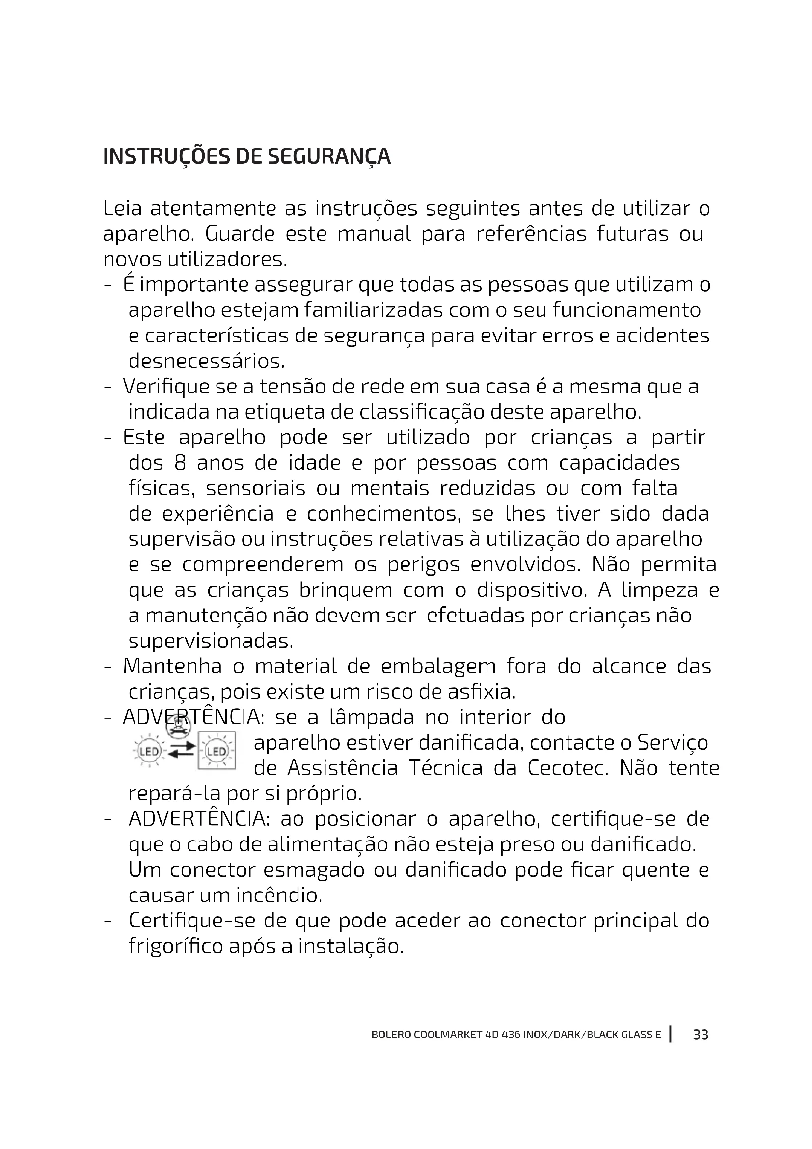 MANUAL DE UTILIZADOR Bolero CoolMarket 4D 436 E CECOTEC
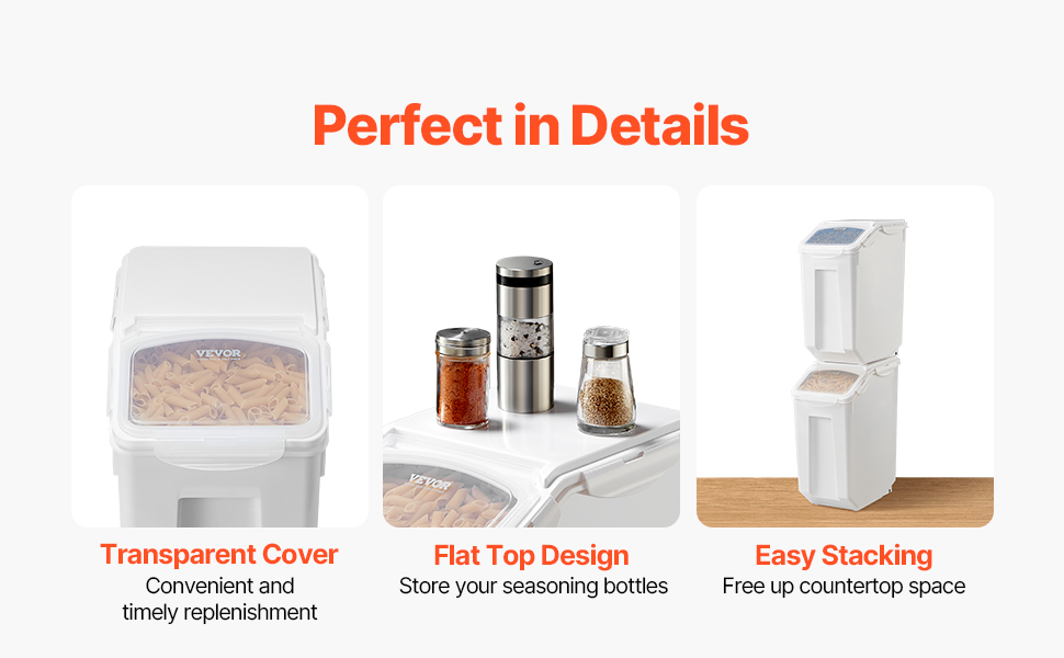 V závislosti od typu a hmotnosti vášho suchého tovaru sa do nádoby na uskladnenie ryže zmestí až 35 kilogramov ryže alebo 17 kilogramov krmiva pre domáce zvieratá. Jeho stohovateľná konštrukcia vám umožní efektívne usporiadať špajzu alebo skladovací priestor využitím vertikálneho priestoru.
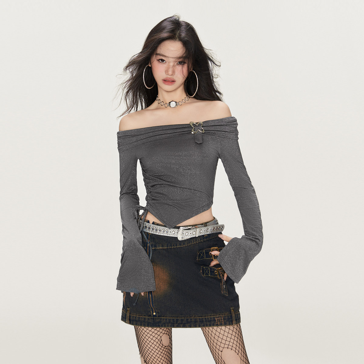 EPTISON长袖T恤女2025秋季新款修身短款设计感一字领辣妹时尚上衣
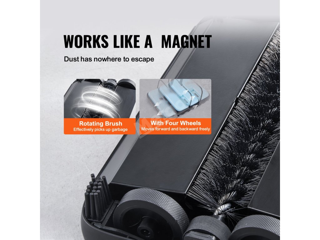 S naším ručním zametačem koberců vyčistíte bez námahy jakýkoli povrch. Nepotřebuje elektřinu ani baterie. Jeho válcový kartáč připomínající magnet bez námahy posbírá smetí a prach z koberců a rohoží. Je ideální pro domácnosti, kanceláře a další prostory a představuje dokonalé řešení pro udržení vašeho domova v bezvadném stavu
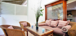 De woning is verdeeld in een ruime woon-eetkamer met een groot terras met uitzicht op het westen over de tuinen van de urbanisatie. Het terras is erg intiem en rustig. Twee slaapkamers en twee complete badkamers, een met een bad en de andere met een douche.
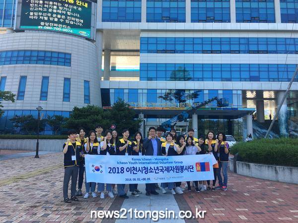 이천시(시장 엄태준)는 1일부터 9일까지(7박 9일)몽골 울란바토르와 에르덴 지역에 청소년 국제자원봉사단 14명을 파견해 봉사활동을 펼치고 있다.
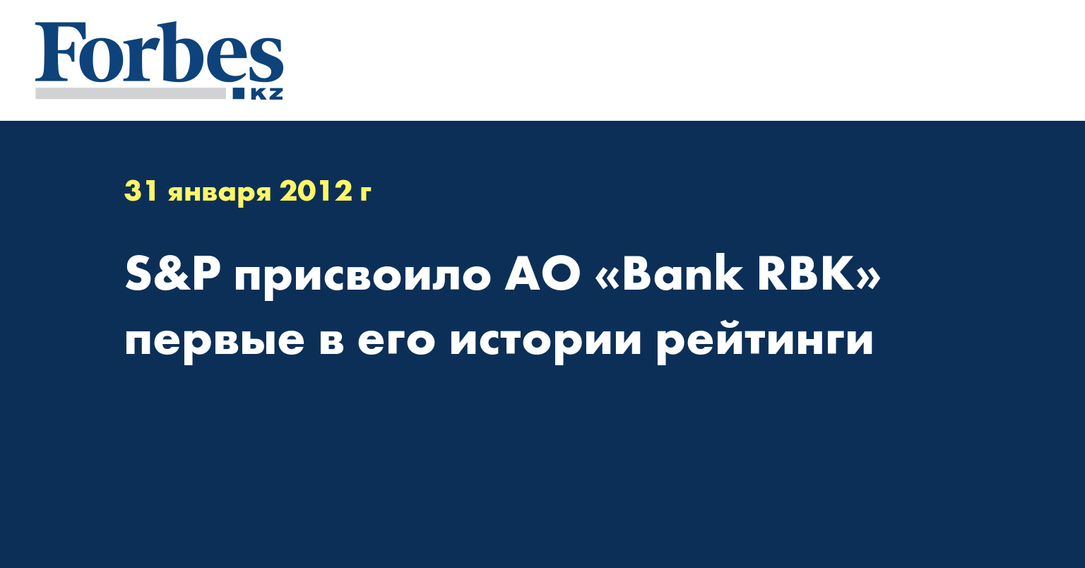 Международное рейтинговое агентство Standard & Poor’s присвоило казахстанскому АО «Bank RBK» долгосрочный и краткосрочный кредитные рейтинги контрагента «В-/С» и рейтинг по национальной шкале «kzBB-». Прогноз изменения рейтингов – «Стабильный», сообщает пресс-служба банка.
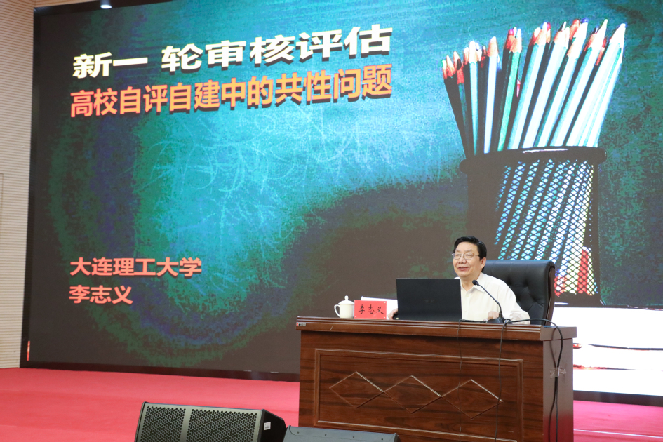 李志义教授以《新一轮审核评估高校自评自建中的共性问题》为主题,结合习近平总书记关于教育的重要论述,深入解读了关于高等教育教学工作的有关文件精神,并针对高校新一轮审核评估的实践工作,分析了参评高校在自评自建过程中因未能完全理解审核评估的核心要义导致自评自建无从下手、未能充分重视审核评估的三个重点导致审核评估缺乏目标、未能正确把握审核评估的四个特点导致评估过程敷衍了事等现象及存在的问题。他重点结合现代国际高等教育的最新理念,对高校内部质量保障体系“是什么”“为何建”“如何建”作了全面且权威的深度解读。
# # # # # # #
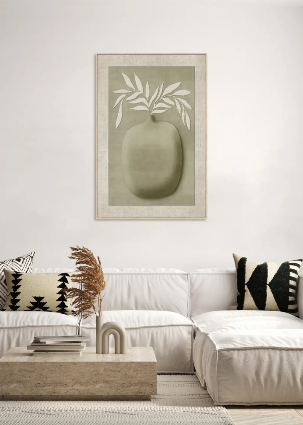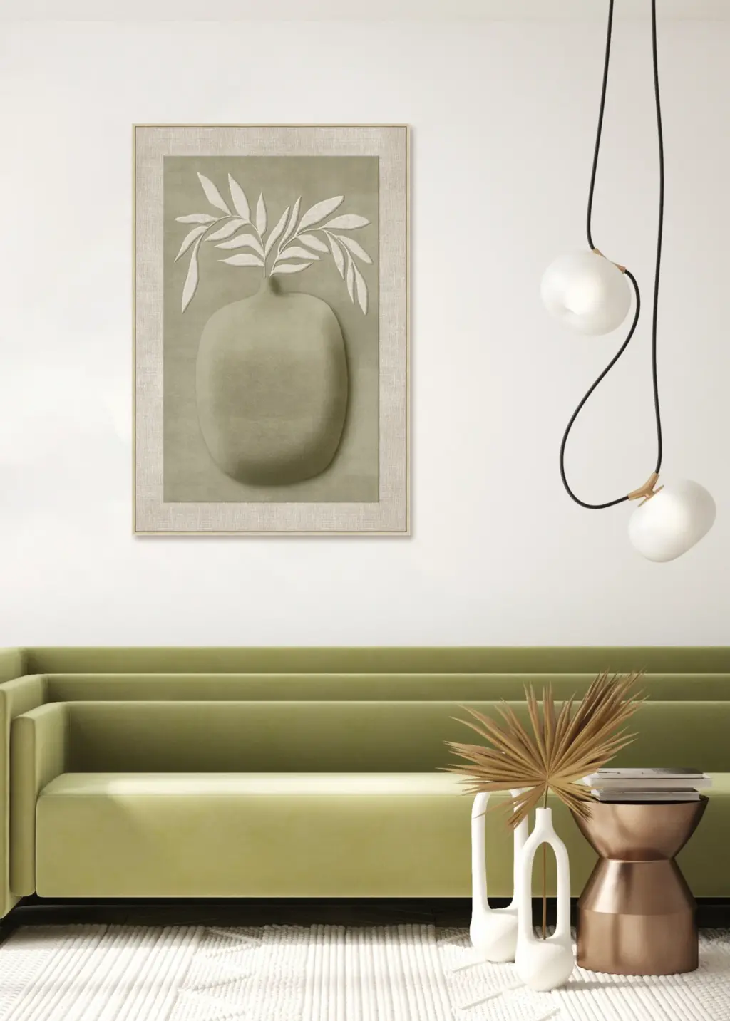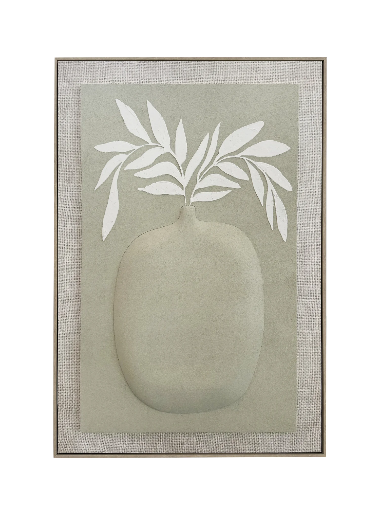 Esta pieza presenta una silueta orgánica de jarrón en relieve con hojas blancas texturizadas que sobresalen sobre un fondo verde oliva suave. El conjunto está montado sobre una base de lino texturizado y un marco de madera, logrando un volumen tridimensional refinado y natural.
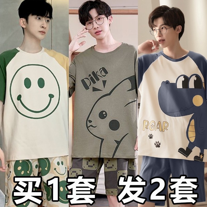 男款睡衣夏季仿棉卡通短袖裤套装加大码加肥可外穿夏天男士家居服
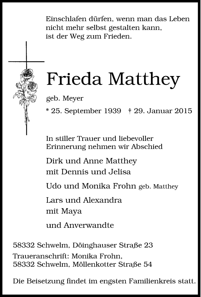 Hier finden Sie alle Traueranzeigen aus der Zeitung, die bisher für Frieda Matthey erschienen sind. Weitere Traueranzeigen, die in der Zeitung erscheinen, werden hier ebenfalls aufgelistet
# # # # # # #
INSTRUCTIONS FOR THE TASK: Working from the data above, repeat exactly, and only, the lines that begin at the line containing "MANUAL DE UTILIZADOR" and stop after the line containing "이천시(시장 엄태준)는 1일부터"; pictures are not copied.

OUTPUT FOR THIS EXERCISE:
 MANUAL DE UTILIZADOR Bolero CoolMarket 4D 436 E CECOTEC
 V závislosti od typu a hmotnosti vášho suchého tovaru sa do nádoby na uskladnenie ryže zmestí až 35 kilogramov ryže alebo 17 kilogramov krmiva pre domáce zvieratá. Jeho stohovateľná konštrukcia vám umožní efektívne usporiadať špajzu alebo skladovací priestor využitím vertikálneho priestoru.
 EPTISON长袖T恤女2025秋季新款修身短款设计感一字领辣妹时尚上衣
 S naším ručním zametačem koberců vyčistíte bez námahy jakýkoli povrch. Nepotřebuje elektřinu ani baterie. Jeho válcový kartáč připomínající magnet bez námahy posbírá smetí a prach z koberců a rohoží. Je ideální pro domácnosti, kanceláře a další prostory a představuje dokonalé řešení pro udržení vašeho domova v bezvadném stavu
 De woning is verdeeld in een ruime woon-eetkamer met een groot terras met uitzicht op het westen over de tuinen van de urbanisatie. Het terras is erg intiem en rustig. Twee slaapkamers en twee complete badkamers, een met een bad en de andere met een douche.
 이천시(시장 엄태준)는 1일부터 9일까지(7박 9일)몽골 울란바토르와 에르덴 지역에 청소년 국제자원봉사단 14명을 파견해 봉사활동을 펼치고 있다.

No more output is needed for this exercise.